There's been a bit of discussion lately about search and tagging (or "folksonomy"). Recently my friends Danny Sullivan (here and here) and Gary Price (here) have commented. I had dinner with Gary a few months ago in New York, so in addition to his published comments I know where he's coming from. Now, I'm the first to agree that tagging has a long way to go before it's accessible to millions of web users, but it holds a ton of promise. They both make a lot of great points about how usable this stuff is for the general web population.
But, sadly, I think they both miss the mark. Danny has picked a poor analogy for tagging - meta keywords. The meta keyword tag allows content publishers to insert keywords into their pages that describe the content. Since the keyword tag is invisible in a browser, it promised to be a mechanism for delivering metadata to search engines. It was a dismal failure. As Danny says:
In addition, none -- NONE! -- of these search engines now or ever has made use of the tag in a way to let you perhaps see all the pages "tagged" to be on a particular subject. Why not? The data is largely useless.
Thinking that tagging would lead to top rankings, some people misused the tag. Other people didn't misuse the tag intentionally, but they might poorly describe their pages.
He's exactly right. The data, for the most part, are garbage. Then Danny makes a flawed syllogistic leap - since meta keywords failed, tagging is doomed. But there's a subtle difference between meta keywords and tagging, and it's an important one. Meta keywords allowed content publishers to describe their own content. Tagging allows anyone to describe anyone's content. And this, as they say, makes all of the difference.
Let's take an illustrative example. Ask a random friend to describe his or her personality with a series of adjectives (like "funny," "quiet," and "arrogant"). Now, ask 50 people who know him or her well to do the same thing. Which is the better source of information? The 50 people of course. Even if your friend doesn't lie, you'll still get better data from the friends. Why? Because other people know us better than we know ourselves. Responses from a large, diverse group of people tend to be more accurate than responses from any one individual (it's the wisdom of crowds). Even better, the more people you ask, the more accurate it will get because the more you'll be able to identify trends and popular opinions, the more you'll get a power law distribution of the data. If you notice that 60% of the people describe your friend as "abrasive" that will tell you something. (How many people would describe themselves as abrasive?)
It's the same with tagging. Several hundred users (or even a thousand, or a million) can be an amazing source of valuable metadata about content on the web. But there are challenges. Here are some of the objections commonly raised: People will lie! People aren't using the same vocabulary - what if you say "bonds" and mean Barry Bonds and I say "bonds" and mean stocks and bonds?! People are terrible spellers! Welcome to the world of search.

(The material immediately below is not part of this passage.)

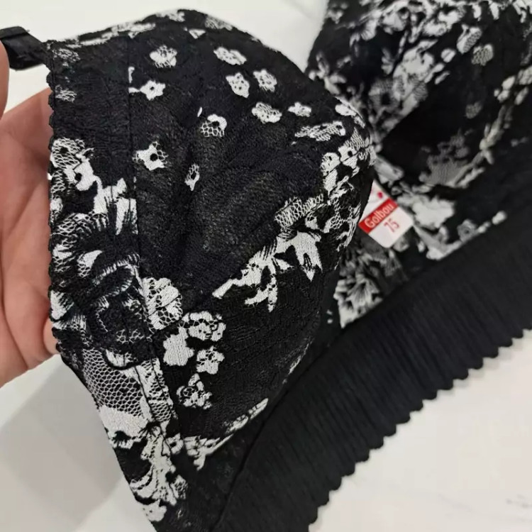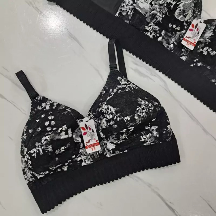 جنس رویه گیپور و داخلش کاملا نخیه تک رنگ فقط مشکی و فقط سایز75 موجوده زیرش کش پهن داره برای کسانی که پهلو دارن خیلی مناسبه دو ردیف 4غزنه داره یه کار شیک در عین حال راحت هستش.

I made this point at a recent BayCHI panel - tagging isn't new; the web is full of tags. But they're not in meta keywords, they're in the links. The text of the links pointing to other web pages are simply the web publisher's best effort to describe the page she's linking to. And it turns out those links are some of the most valuable metadata we have to work with in search. And you know what? They're subject to all of the flaws people say will doom tagging. Spammers lie. The spelling is atrocious. And there's ambiguity everywhere. But given a huge population of links, you can begin to make sense of the madness. Why? Well, there are humans on both ends of the search rope. There's a person searching, and there's a person who's written some content. The job of the search engine is to simply connect the two. Traditional software engineers, in their endless pursuit of the elimination of ambiguity, sometimes forget this. Search engineers embraced it. Take an example - the misspellings can actually be useful to a search engine. If somebody misspelled Britney Spears' name when they blogged about her, there's a good chance somebody will misspell her name when they search for her.
Now, I don't want to under represent the enormity of the search problem. Thousands of engineers at the major search engines (and lots of startups) are constantly battling to make the data valuable. PageRank, for example, is effectively a system for overlaying reputation on top of web links. We'll need the same thing for tagging. But tagging is promising because it brings a new voice into the equation - the users. Link text is great, but link text only represents the voices of the webmasters and the content publishers. It's the users that ultimately consume the content, and there are orders of magnitude more of them. That's why I disagree with Danny - if we can make tagging work, it could be a killer solution for search.